# POWERLINE BBS-20 mk II 240v Bandsaw



## amodernmyth (30 Sep 2010)

Would anyone be able to help me?
Ive found this bandsaw on ebay (POWERLINE BBS-20 mk II 240v Bandsaw), but in the description it doesnt explain the maximum cutting depth is and the maximum throat depth

If anyone could help me it will be much appreciated.

Gari


----------



## Mike.C (30 Sep 2010)

amodernmyth":7uk1h56i said:


> Would anyone be able to help me?
> Ive found this bandsaw on ebay (POWERLINE BBS-20 mk II 240v Bandsaw), but in the description it doesnt explain the maximum cutting depth is and the maximum throat depth
> 
> If anyone could help me it will be much appreciated.
> ...



Hi Gari welcome to the forum. Your picture has been caught in the spam trap which will disappear when you have placed a few more posts.

Cheers

Mike


----------



## amodernmyth (30 Sep 2010)

Thanks Mike 

I didnt realise it had do that

Thanks again 

Gari


----------



## xy mosian (30 Sep 2010)

That looks exactly like my Burgess BBS20 band saw. For which without digging around to find mine in the loft, i.e. from memory, the maximum depth of cut is 75mm (depending on material), and the throat depth is about 300mm.

HTH xy


----------



## 9fingers (30 Sep 2010)

These are rather nasty saws only capable of light work.
Originally made by Burgess and now seem to be re-badged Powerline.

Not sure what the spares situation is now as I believe they are no longer made.

I would definitely try before you buy with a task that is representative of the work you want it to do.

hth

Bob


----------



## big soft moose (30 Sep 2010)

I agree with bob - most of those three wheel offerings are a pile of shiite, not only do they have a very limited depth of cut but they also break blades with monotonous regularity.

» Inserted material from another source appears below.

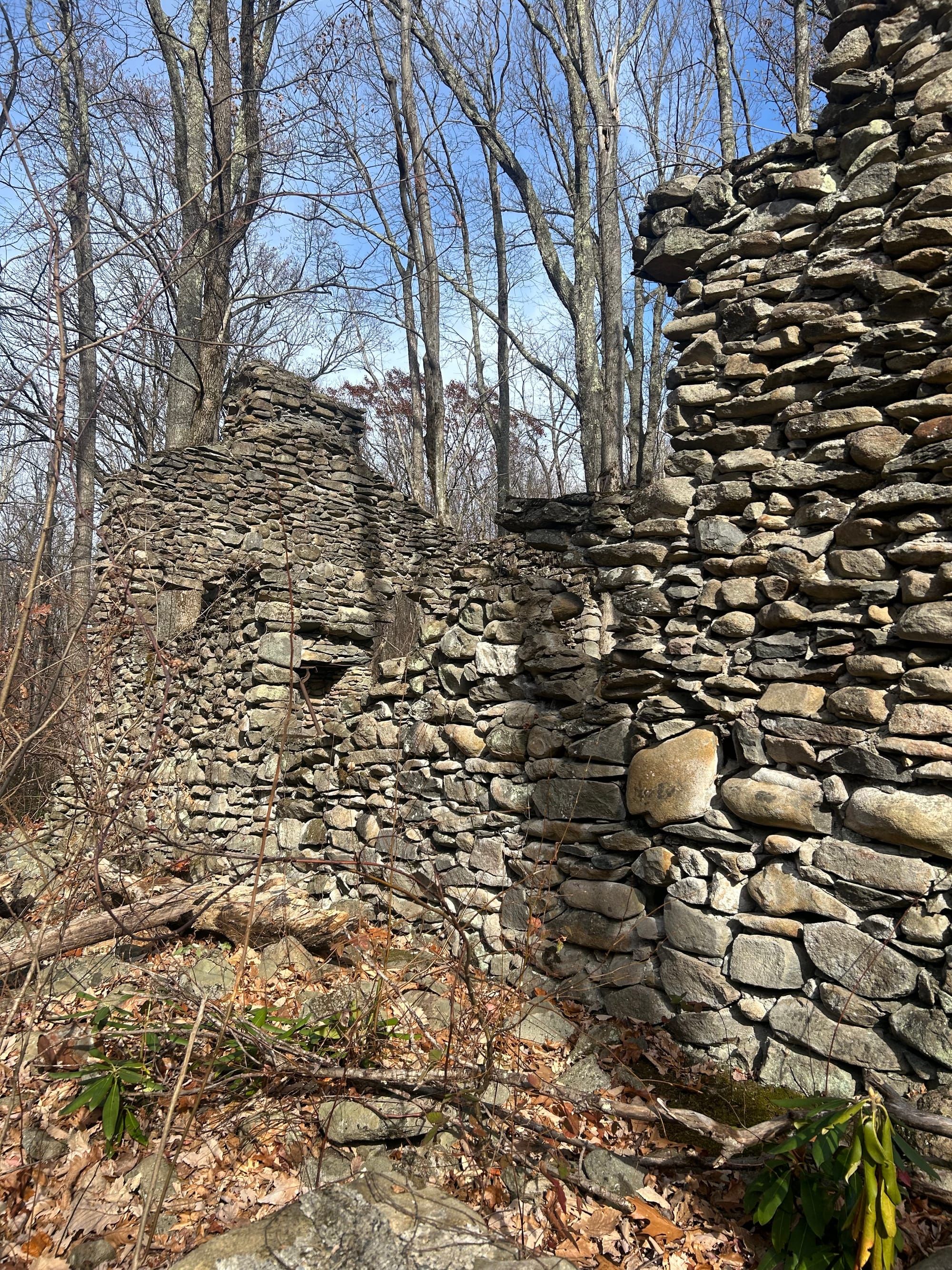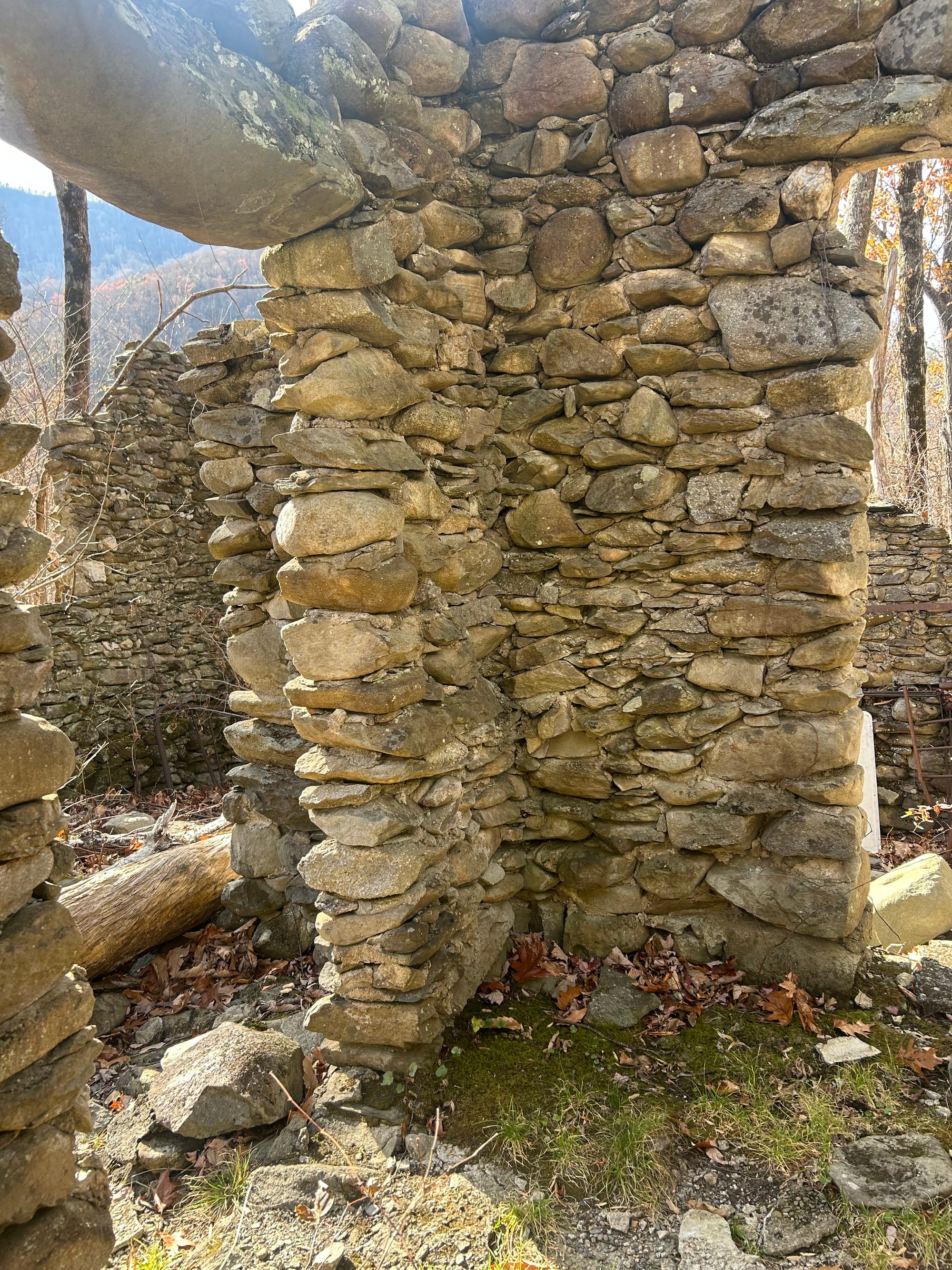 This was the most unmaintained trail I’ve ever been on in that park — climbing over and under fallen trees, through pokey vines, across loose rock creek beds. No blazes. Leaves covering everything so the trail just looked like forest. And since I have the sense of direction of a concussed pigeon, I relied entirely on my friend and AllTrails. She said we were still on the path, so we kept following the little line until we finally reached the Rock House.

Unless you are looking to only cut out shapes in thin material I'd strongly suggest giving that the swerve and going for a two wheel model.


----------



## Steve Maskery (30 Sep 2010)

There is a reason why 3-wheelers disappeared...
The blade has to turn through a very tight radius and metal doesn't like doing that.
Save up for a more modern 2-wheeler.

But welcome! 
S


----------



## 9fingers (30 Sep 2010)

I reckon it is only small three wheelers that give problems.
Three wheelers fundamentally allow a bigger throat than the diameter of the wheels.
For example my BS has a 18" throat with only 12" wheels.

Bob


----------



## Steve Maskery (30 Sep 2010)

Fair enough, Bob, but many of the 3-wheelers had only 6" wheels - that's a different matter, isn't it?
S


----------



## 9fingers (30 Sep 2010)

Quite agree Steve.

The OP should possibly avoid small wheel three wheelers.
We still have to hear what he wants to do with it. Cutting 4mm ply for dolls houses will be fine, re-sawing veneers up to the max capacity will end in tears.
The little Kity two wheelers seem to be loved by their owners and could be a good compromise.

Bob


----------



## Steve Maskery (30 Sep 2010)

My mate Brian-next-door has a little Incra. 12", I think, certainly no more. It's small but very high engineering build quality.

S


----------



## amodernmyth (30 Sep 2010)

Thanks to all of you that have replied and helped me with this  

I think reading what you have all said, a 2 wheel bandsaw is better, only reason im asking on depth of cut, is i have wood for a guitar that im making and its 1 7/8" in depth, and is very tough wood.

Thank you all once again, you have been a big help.

Gari


----------



## 9fingers (30 Sep 2010)

Gari,

That Powerline is far too lightweight for what you are considering.
Take a look at Dewalt, Kity or Incra for something better matched with out being taking up too much room in the workshop.

Good Luck

Bob


----------



## jimi43 (1 Oct 2010)

I do all of my guitar and tool work on a DW739 and they are dirt cheap on fleaBay now...and excellent (once you get a blade from Ian)....

Not for pro use maybe...but not pro prices either.

Jim


----------



## AndyT (1 Oct 2010)

Let's not dismiss little three wheelers quite so quickly...

I've got a Burgess BK3 plus, dating probably from the 70s, that I bought cheap secondhand. With a 1/2" or 3/8" blade from Axminster I've used it to cut up to its maximum depth (3") in soft and hard woods. For example, I taper cut some 3" oak table legs. And the blades don't break - the three wheel design means that the bending is less acute than it would be with the small wheels.

Mind you, it's possible that later cheaper versions don't have the big lump of a 250W motor that mine does.


----------